*** Block opens ***

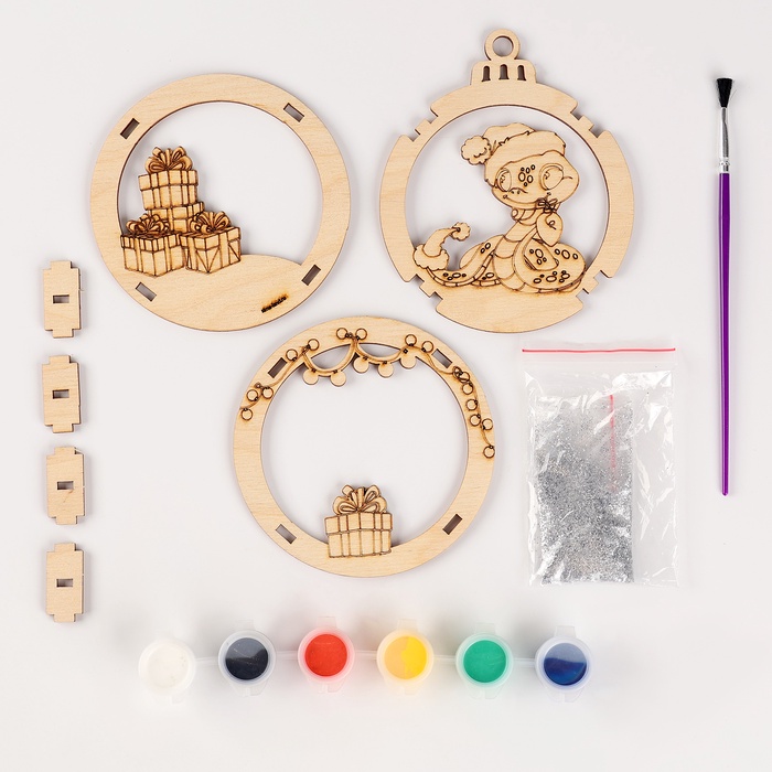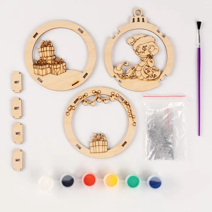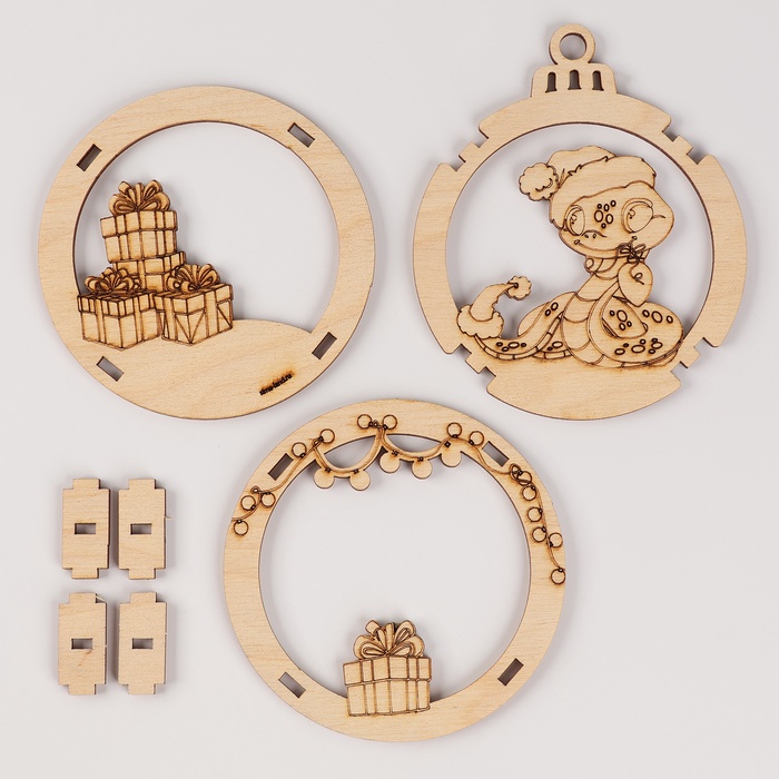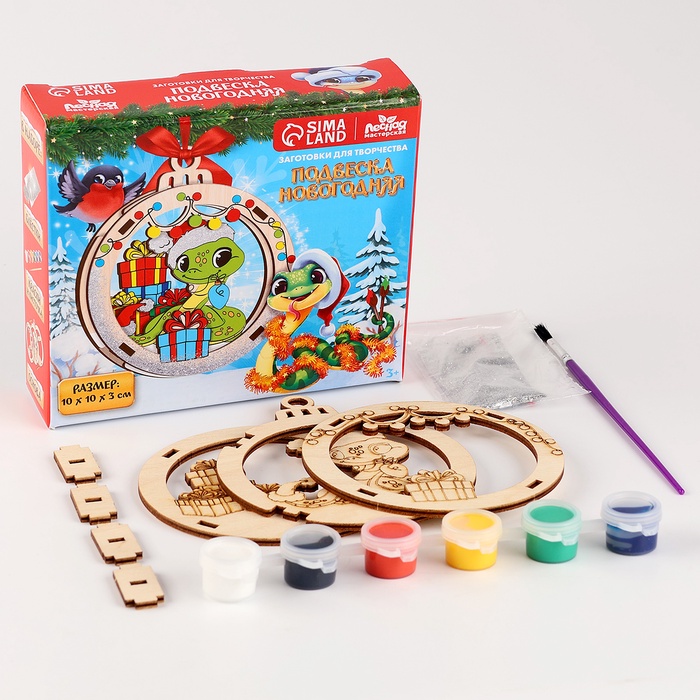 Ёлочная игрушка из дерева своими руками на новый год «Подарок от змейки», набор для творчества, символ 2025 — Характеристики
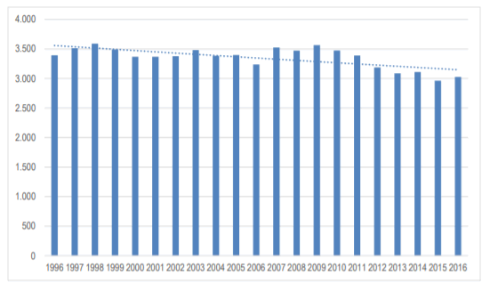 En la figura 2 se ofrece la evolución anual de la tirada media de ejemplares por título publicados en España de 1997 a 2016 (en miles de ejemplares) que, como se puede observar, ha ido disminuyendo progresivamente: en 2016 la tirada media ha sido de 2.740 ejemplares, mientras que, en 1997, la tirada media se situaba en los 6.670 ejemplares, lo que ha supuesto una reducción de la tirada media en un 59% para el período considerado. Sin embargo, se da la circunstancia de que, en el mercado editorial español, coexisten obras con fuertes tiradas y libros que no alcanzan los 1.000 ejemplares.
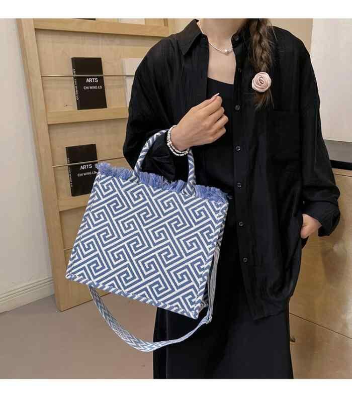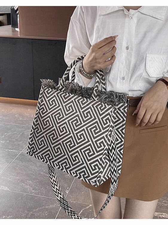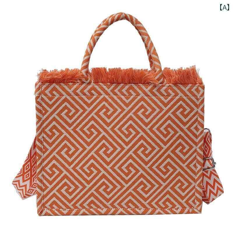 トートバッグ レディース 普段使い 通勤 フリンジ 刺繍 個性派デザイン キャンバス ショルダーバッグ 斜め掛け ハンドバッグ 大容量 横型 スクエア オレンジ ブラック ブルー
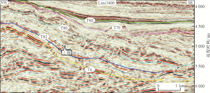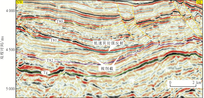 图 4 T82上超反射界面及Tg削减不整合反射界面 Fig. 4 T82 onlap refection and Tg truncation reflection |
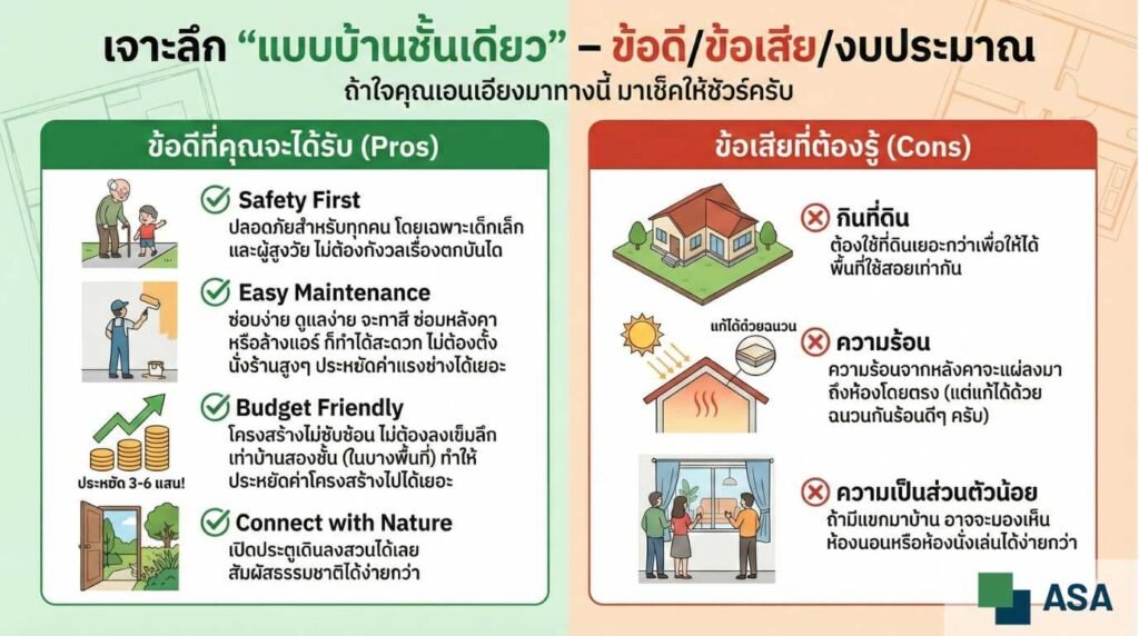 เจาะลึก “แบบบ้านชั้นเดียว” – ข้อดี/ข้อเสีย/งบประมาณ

*** Block closes ***

WHAT TO PRODUCE
Could you return all the entries exactly as they appear, minus the pictures?

EXERCISE ANSWER
 Ёлочная игрушка из дерева своими руками на новый год «Подарок от змейки», набор для творчества, символ 2025 — Характеристики
 En la figura 2 se ofrece la evolución anual de la tirada media de ejemplares por título publicados en España de 1997 a 2016 (en miles de ejemplares) que, como se puede observar, ha ido disminuyendo progresivamente: en 2016 la tirada media ha sido de 2.740 ejemplares, mientras que, en 1997, la tirada media se situaba en los 6.670 ejemplares, lo que ha supuesto una reducción de la tirada media en un 59% para el período considerado. Sin embargo, se da la circunstancia de que, en el mercado editorial español, coexisten obras con fuertes tiradas y libros que no alcanzan los 1.000 ejemplares.
 トートバッグ レディース 普段使い 通勤 フリンジ 刺繍 個性派デザイン キャンバス ショルダーバッグ 斜め掛け ハンドバッグ 大容量 横型 スクエア オレンジ ブラック ブルー
 图 4 T82上超反射界面及Tg削减不整合反射界面 Fig. 4 T82 onlap refection and Tg truncation reflection |
 เจาะลึก “แบบบ้านชั้นเดียว” – ข้อดี/ข้อเสีย/งบประมาณ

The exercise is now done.